遅刻魔の事は諦めて校舎に入ると、一般生徒の登校時間には早過ぎるせいもあって、ちらほら歩いているのは皆教員。
その一人一人に丁寧に挨拶をしつつ、アルフレドは生徒指導部長のもとへと急いだ。
の、だが。
まだ教師しか来ていないと思われる一階の長い廊下を進んでいると、
突如、二人の男女が彼に飛び付いて来た。
助けてくれと言いながら。
……そう、ダイナミック方向音痴の姉弟である。
話を聞いてみると――聞く前に向こうから話し出したのだが――、この二人、修学旅行の前日に続き昨夜も家に帰りそびれたらしい。

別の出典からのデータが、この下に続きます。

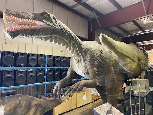 ANIMATRONIC BARYONYX CRETATIOUS PERIOD DINOSAUR LIVED IN ENGLAND 125 - 130 MILLION YEARS AGO MEASURES 240" LONG X 41" WIDE X 140" TALL. APPROX. WEIGHT 270 KG. LEGS REMOVE FOR SHIPPING, C/W CUSTOM CONTROLLER, SPEAKER, MOTION SENSOR & ALL REQUIRED WIRING APPROX 595LBS
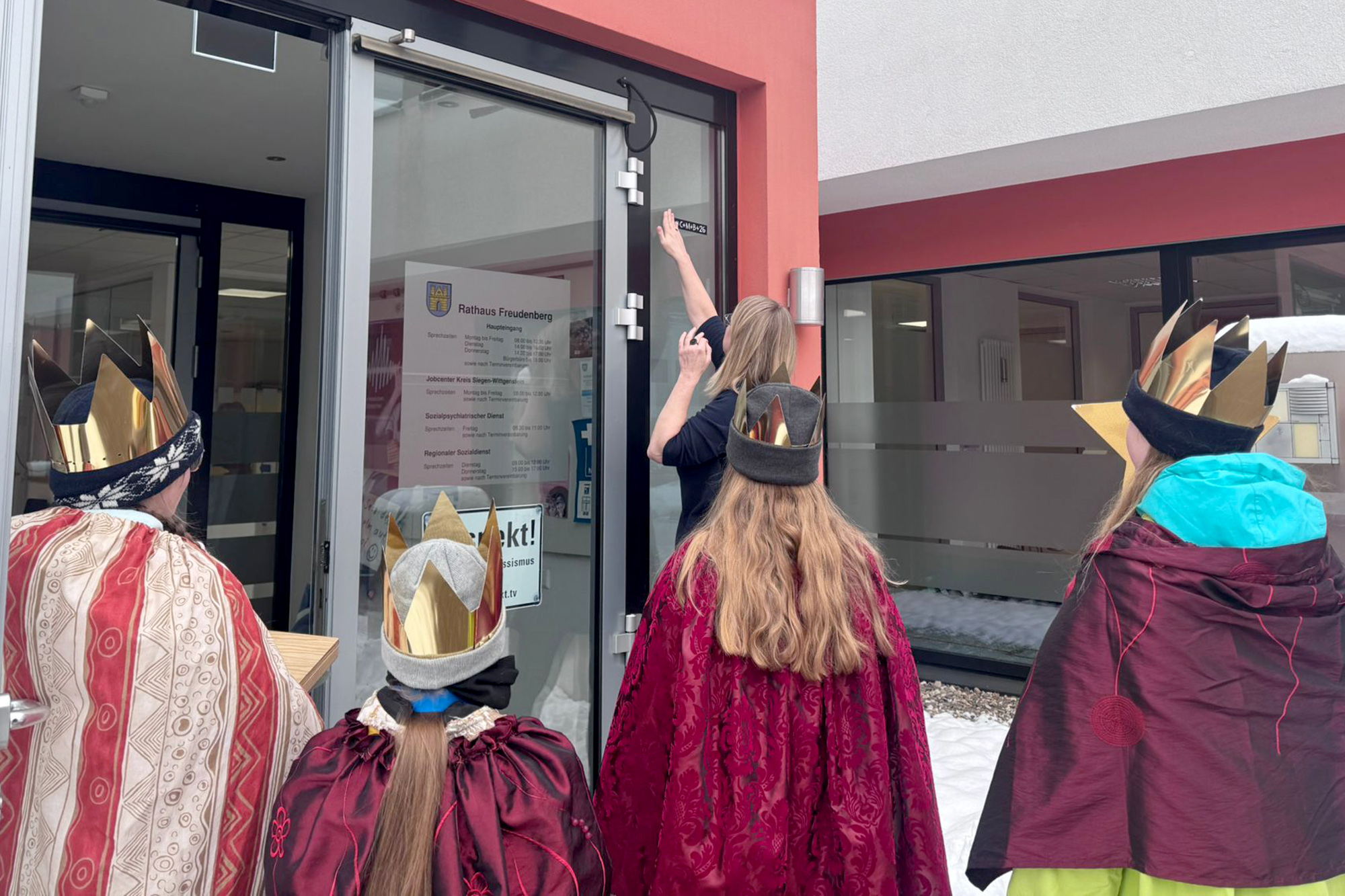 Freudenberg. Zum Start des neuen Jahres sind auch die Sternsinger wieder in Freudenberg unterwegs. Trotz der winterlichen Wetterbedingungen lassen sie sich nicht davon abhalten, von Tür zu Tür zu gehen, um ihre Segenswünsche zu überbringen. Am Montag besuchten Katharina Hesse, Emma Fitzke, Malia Rudolph und Alexa Münker das Rathaus, um Bürgermeisterin Nicole Reschke ihre Segenswünsche zu übermitteln. Mit Unterstützung der Verwaltungs-Chefin brachten sie dort auch die traditionellen Segensaufkleber an.
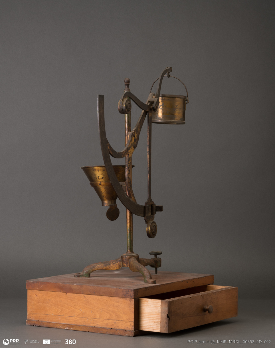 Matéria/Técnica: Latão e madeira; Cronologia: Desconhecida; Autoria: Desconhecida; Dimensões: Altura: 54,00 cm; Largura: 27,90 cm; Comprimento: 35,90 cm.
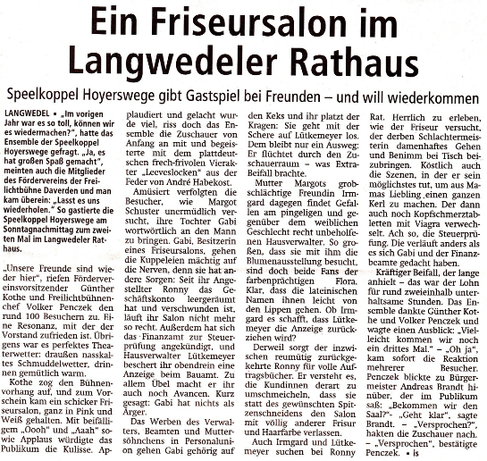 47. Vorstellung – und brachte die Lachmuskulatur ihrer Zuschauer in Bewegung. „Leeveslocken“ heißt das aktuelle Stück der Hoyersweger, das erstmals in einem Friseursalon spielt. Das Stück sei ein
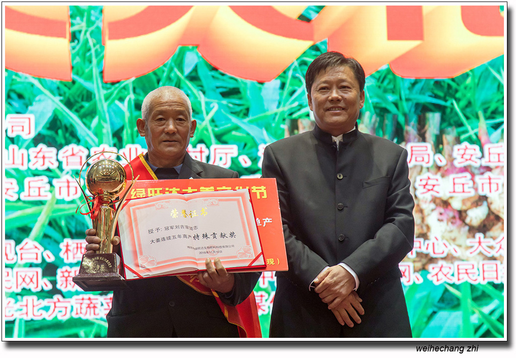 连续五年蝉联绿旺达杯姜王大赛(大拱棚)单产奖项的姜王——刘吉宗,被授予“特别贡献奖”。绿旺达公司董事长周元杰同志为

そもそも、家に帰るどころか校舎から出る事すら出来なかったと言う。
一言喋る度に腹の虫が鳴き出す姉と、放っておいたらフラフラどこかへ行ってしまいそうな弟。
またも溜息をつくアルフレド。
「仕方ありませんね。教室まで送って差し上げますから付いて来て下さい」
流石生徒会副会長バルツァー君、全校生徒の名前とクラスは把握済みである。
が、彼はわかっていなかった。
この双子の辞書に“付いて行く”という文字が存在しない事を。
本来なら一分と掛からず行ける筈の一年生の教室に、
出発後五秒ではぐれた二人を捜し回った末、アルフレドが双子を送り届けたのはそれから三十分経ってからであった。